Exercise description: Copy, exactly as written, the lines that begin at the one containing "Set de 3 Cilindros" and end at the one containing "Whilst Qurbani can". Skip any pictures in the data below.

Records for this task:
---
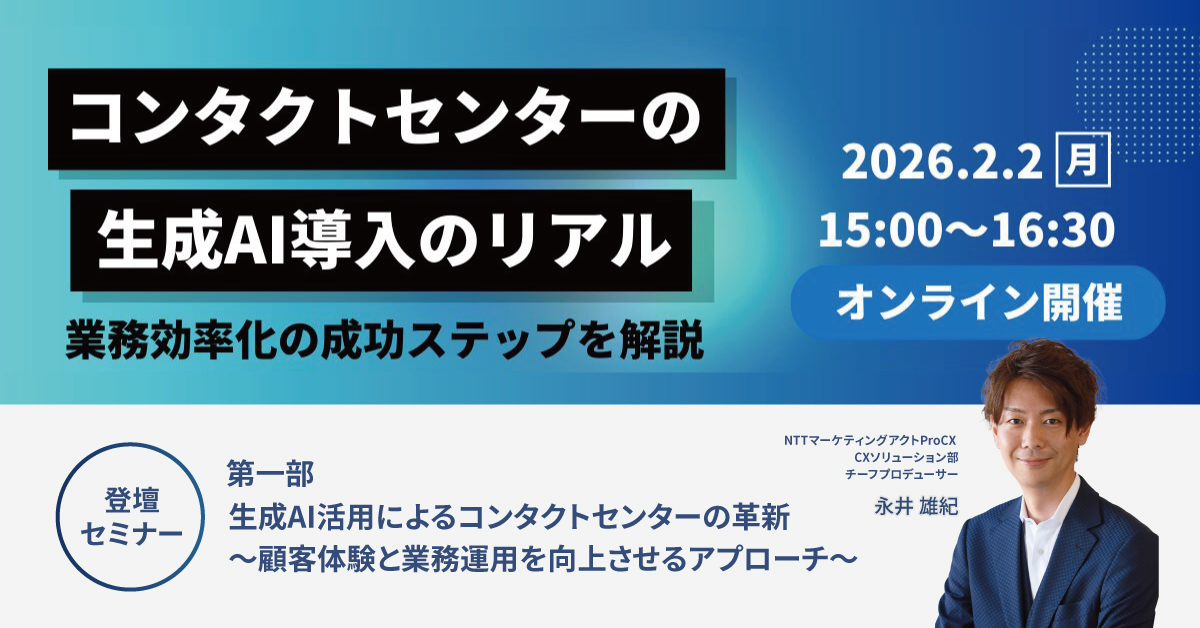 本セミナーでは、生成AI導入を成功に導くための事前設計から運用定着までの実践アプローチを整理したうえで、コンタクトセンターが検討すべき2つの打ち手を解説します。1つは、生成AIを用いたオペレーター評価によって個々人の弱点を可視化し、その結果をもとに生成AIトレーニングを実施することで応対品質を組織的に底上げする取り組みです。もう1つは、「お客様の声」を正しく受け取り・理解する電話応対AIエージェントの活用であり、顧客体験の質を高めつつ現場負荷を軽減する実運用のポイントをお伝えします。
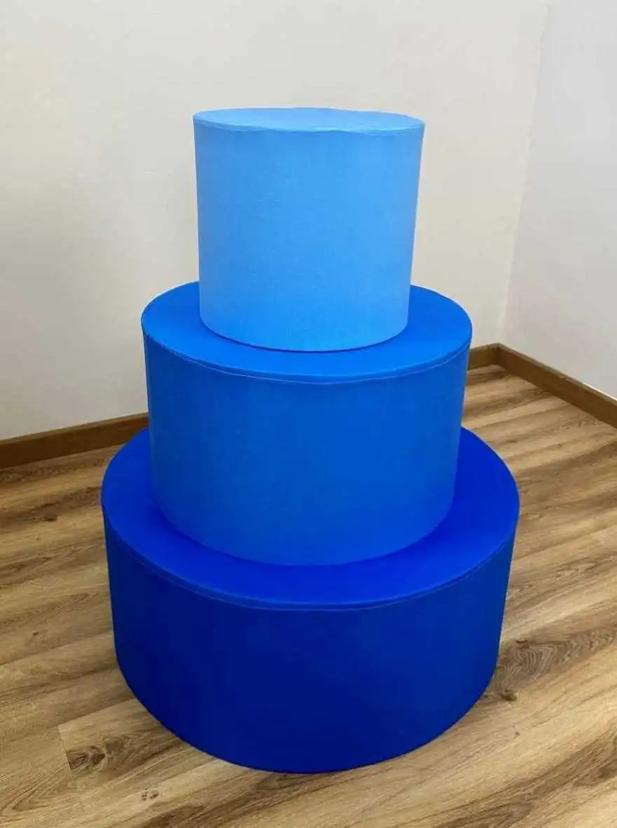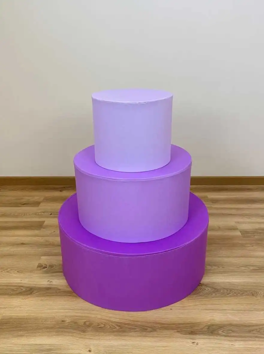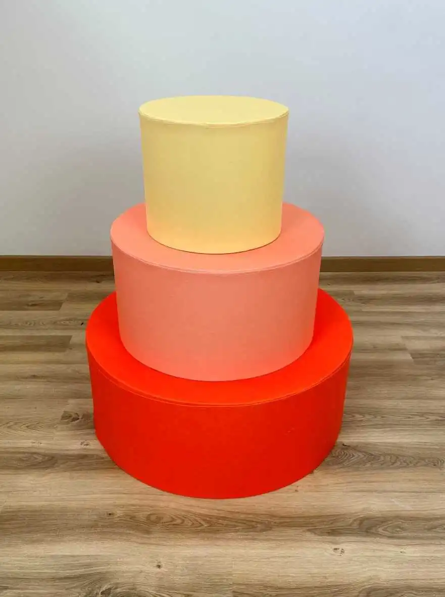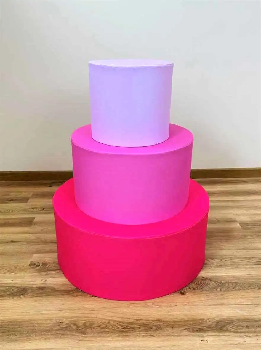 Set de 3 Cilindros en lámina de acero, diseño TORTA, colores blanco, Naranja, Azul, Fucsia, Nude, Verde y Violeta
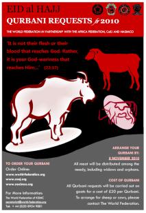 Whilst Qurbani can be arranged year round, the closing date for those wanting it done on time for Eid al-Hajj is 10 November 2010.
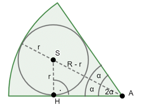 Narysuj wycinek koła, zaznacz na rysunku promień okręgu wpisanego i wyprowadź promień wycinka koła z punktu A. Zauważ, że promień R i r przecinają się w punkcie S, tworząc trójkąt HAS. Wyznacz pole tego trójkąta–i na jego podstawie określ kąt leżący naprzeciwko boku |HS|, czyli promienia okręgu wpisanego. Kąt |∡A| = 2α, a na podstawie tego wyrażenia, wyznacz pole wycinka koła.
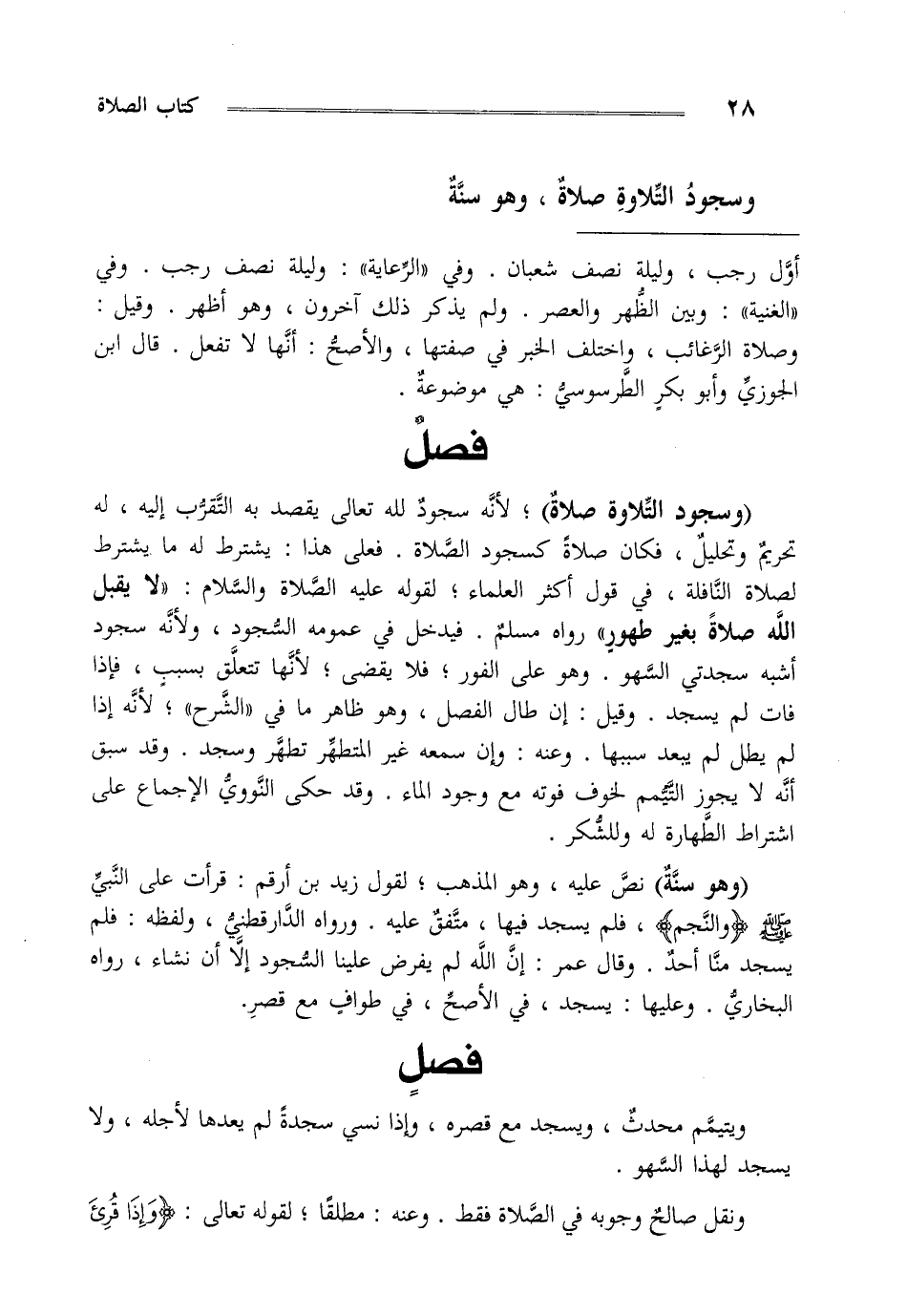 "وسجود التلاوة صلاة" لأنه سجود لله تعالى يقصد به التقرب إليه له تحريم وتحليل فكان صلاة كسجود الصلاة فعلى هذا يشترط له ما يشترط لصلاة النافلة في قول أكثر العلماء لقوله عليه الصلاة والسلام " لا يقبل الله صلاة بغير طهور " رواه مسلم فيدخل في عمومه السجود ولأنه سجود أشبه سجدتي السهو وهو على الفور فلا يقضي لأنها تتعلق بسبب فإذا فات لم يسجد وقيل إن طال الفصل: وهو ظاهر ما في الشرح لأنه إذا لم يطل لم يبعد سببها وعنه وإن سمعها غير المتطهر تطهر وسجد وقد سبق أنه لا يجوز التيمم لخوفه فوته مع وجود الماء وقد حكى النووي الإجماع على اشتراط الطهارة له وللشكر.
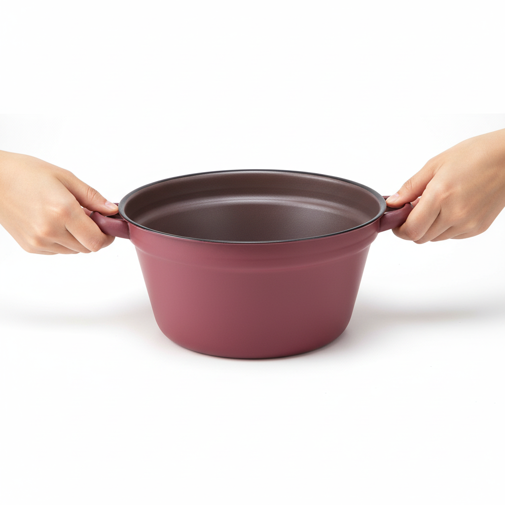 - Recipiente redondo de metal com alças resistentes
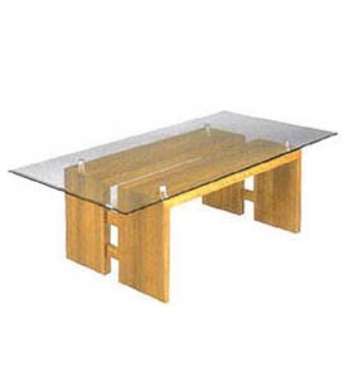 A modern coffee table with a floating glass top on stainless steel pins. Shown in solid cherry wood but also available in maple, teak or oak and in a range of sizes.
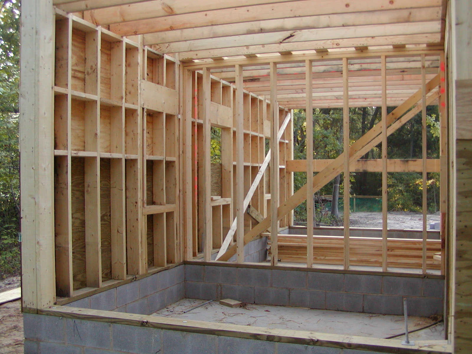 September 5, 2007 -- The close room is a storage room. The far room is a workshop. The rooms still have a lot of temporary bracing that will be removed when the sheathing is completed. | ![]() |
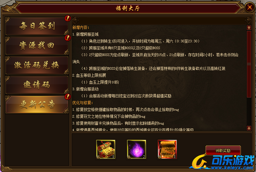 可以查看最新一次游戏更新的内容,并领取停服跟新的补偿!
---
Task solution:
 Set de 3 Cilindros en lámina de acero, diseño TORTA, colores blanco, Naranja, Azul, Fucsia, Nude, Verde y Violeta
 Whilst Qurbani can be arranged year round, the closing date for those wanting it done on time for Eid al-Hajj is 10 November 2010.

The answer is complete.